12. Can we have a library of standard Risk Assessments?
Example risk assessments are supplied with the guidance which can be adapted for your use. Your assessment will be dependent upon a wide range of variables, from the people in attendance, the activities you will be undertaking through to the venue of your meeting. It is imperative that you fully understand the nature of the risks and controls before a meeting takes place. It is difficult to provide a library of ‘standard’ risks, as these will be dependent upon these varied factors.
13. If we make dynamic changes to risk assessments, do these have to be approved retrospectively?
All risk assessments are, to a great extent, dynamic and will need to be subject to ongoing update and review based upon the prevailing factors. The COVID specific risk assessments need to be reviewed each month and any significant change resubmitted for approval.
14. How do we consider risks where events are in presence of public?

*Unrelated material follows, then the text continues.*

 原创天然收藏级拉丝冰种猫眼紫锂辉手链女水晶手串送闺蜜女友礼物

Again, that is a matter for your own assessment. If a meeting is taking place in a location where public are likely present, then you should consider the risk assessments of the host venue to ensure that you are comfortable with their adopted controls and that they accord with The Scout Association’s current requirements.

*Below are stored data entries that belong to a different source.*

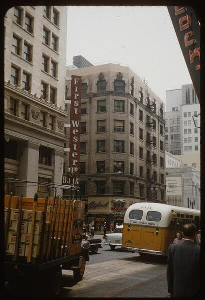 6th Street and Spring Street, Los Angeles. Grosse Building soon to be wrecked for a new skyscraper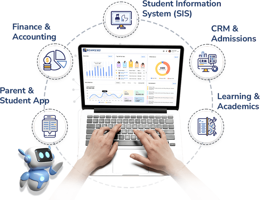 BEAMS360® centralizes school admissions, academics, finance, HR, communication, and reporting into one unified AI-driven school ERP system.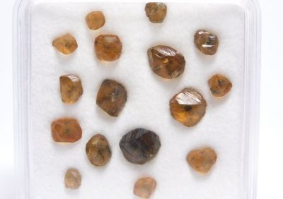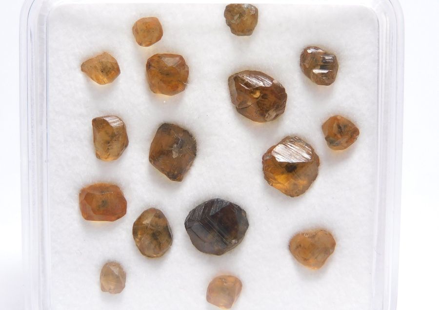 Plastová krabička o velikosti 38x38mm se 16 průsvitnými až průhlednými, skelně lesklými krystaly granátu - spessartinu hnědooranžové barvy o rozměrech 3-6mm.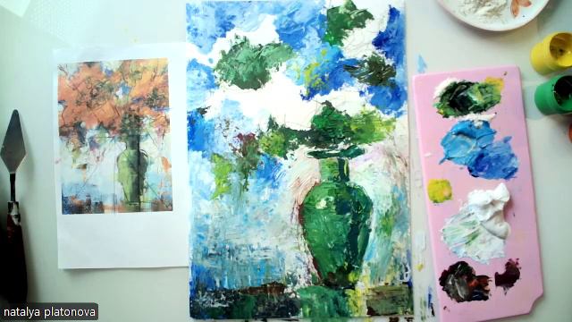 Букет цветов в зеленой вазе (мастихин)

15. Should we consider wearing facemasks, (over 11 and adults) during events, face to face, and transport?
How you manage risk of transmission is a matter for your assessment, the wearing of face masks being only one of a varied range of controls open to you. At the moment, Scouts and Explorers are required to wear face masks at meetings. Leaders do not need to wear a facemask when delivering activities but must do so in other situations.

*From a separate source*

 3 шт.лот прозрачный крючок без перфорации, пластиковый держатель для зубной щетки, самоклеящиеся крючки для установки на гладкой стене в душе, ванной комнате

16. Will scouting arrange regular testing of high risk section leaders (similar to taxi drivers, care workers)?
Unlike care workers etc. scout leaders are not considered ‘key workers’. You should embark upon a return to face to face scouting only when you are comfortable and feel able to do so. There is no pressure from the Scout Association, County or District to return to face to face scouting at this time. However, with a robust risk assessment and the adoption of controls specific to the venue, personnel and activities undertaken, the consensus is that the risk of transmission of the COVID virus will remain low. The risk cannot, of course, be entirely eliminated at this time. If section leaders are considered ‘high-risk’, they may wish to consider whether a return is the correct decision for them at this time.
17. Can we get approval well in advance or do we have to wait until event planned?
We would suggest and encourage ensuring that assessments are completed, submitted and approved before planning any event.